E, por fim, impõe-se igualmente denunciar o escândalo que é a mais recente “inovação” e grosseira violação das obrigações de serviço público e que consiste na prática de ordenar que um comboio faça circulação sem passageiros (a chamada circulação de serviço) entre a estação terminal e 3, 4 ou até 7 ou 8 estações mais à frente, ou seja, que não pare, como devia, em diversas estações (mesmo que apinhadas de gente) e ir directo para outra bem mais adiante da linha para, uma vez mais, assim se tentar recuperar atrasos.
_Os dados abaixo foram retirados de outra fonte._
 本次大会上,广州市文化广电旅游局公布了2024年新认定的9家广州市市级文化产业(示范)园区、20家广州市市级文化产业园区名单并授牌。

Como se podem e devem denunciar outras situações de falta de condições de segurança, já denunciadas em 2013, e que 4 anos depois permanecem, como sejam as sucessivas quedas de peças de material circulante e a retirada nos comboios dos chamados “areeiros” (que permitem soltar areia e assim criar algum atrito e, logo, maior aderência em situações de falta desta), o que a Administração do Metro de Lisboa de igual modo bem sabe que está presentemente a acontecer por virtude quer do desgaste ondulatório do carril de rolamento quer da insuficiente manutenção do dito material circulante.
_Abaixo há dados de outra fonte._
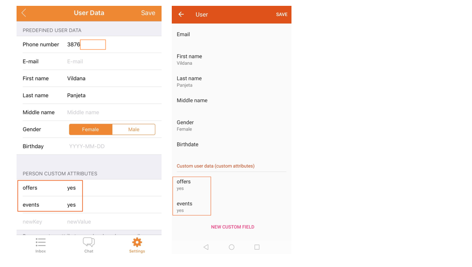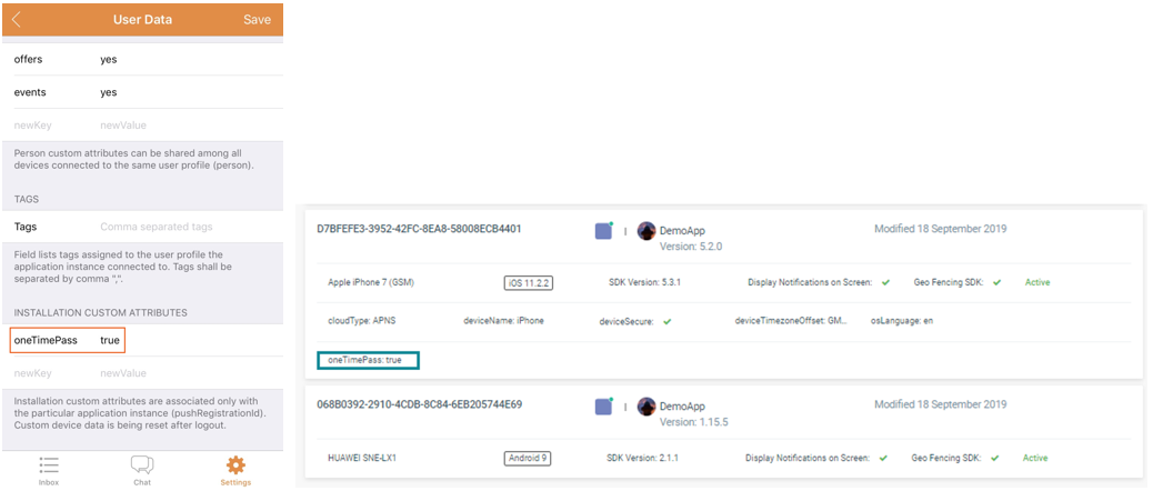 - In the Demo app, go to User > Device data > Custom device attributes.

Degradação das condições de segurança

Ora, perante tudo isto, o certo é que estamos a falar de uma empresa que não mexe uma palha nem gasta um cêntimo sem ordem prévia do Governo. O que é, aliás, muito curioso porquanto um dos grandes argumentos do Acórdão nº 413/14 do Tribunal Constitucional para não declarar a inconstitucionalidade dos cortes dos complementos de reforma aos reformados do Metro, argumento sempre utilizado também pela Empresa nos processos judiciais em curso, é o de que quem, em sede de contratação colectiva, acordou tais complementos foi a empresa mas quem os tirou foi o Estado, e este seria inteiramente distinto e nada teria que ver com aquela. Cujas perdas, porém, decorrentes só dos negócios obscuros dos swaps, atingiram os 1.261 milhões de euros…
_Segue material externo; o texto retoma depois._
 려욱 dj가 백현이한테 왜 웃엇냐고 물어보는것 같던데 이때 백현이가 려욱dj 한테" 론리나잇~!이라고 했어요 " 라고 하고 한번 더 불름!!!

Para isso, houve, e há, dinheiro. Mas já não há dinheiro para pagar aquilo que é contratualmente devido a quem dedicou uma vida inteira de trabalho à empresa. Ou, pior, para garantir a segurança dos trabalhadores no activo da mesma empresa e dos passageiros por ela transportados.

Até onde irá então esta criminosa degradação das condições de segurança? Como podem os respectivos responsáveis manter-se sempre impunes? E quantas vítimas terá de haver para que, finalmente, se tomem medidas adequadas quanto às gravíssimas deficiências denunciadas desde há anos?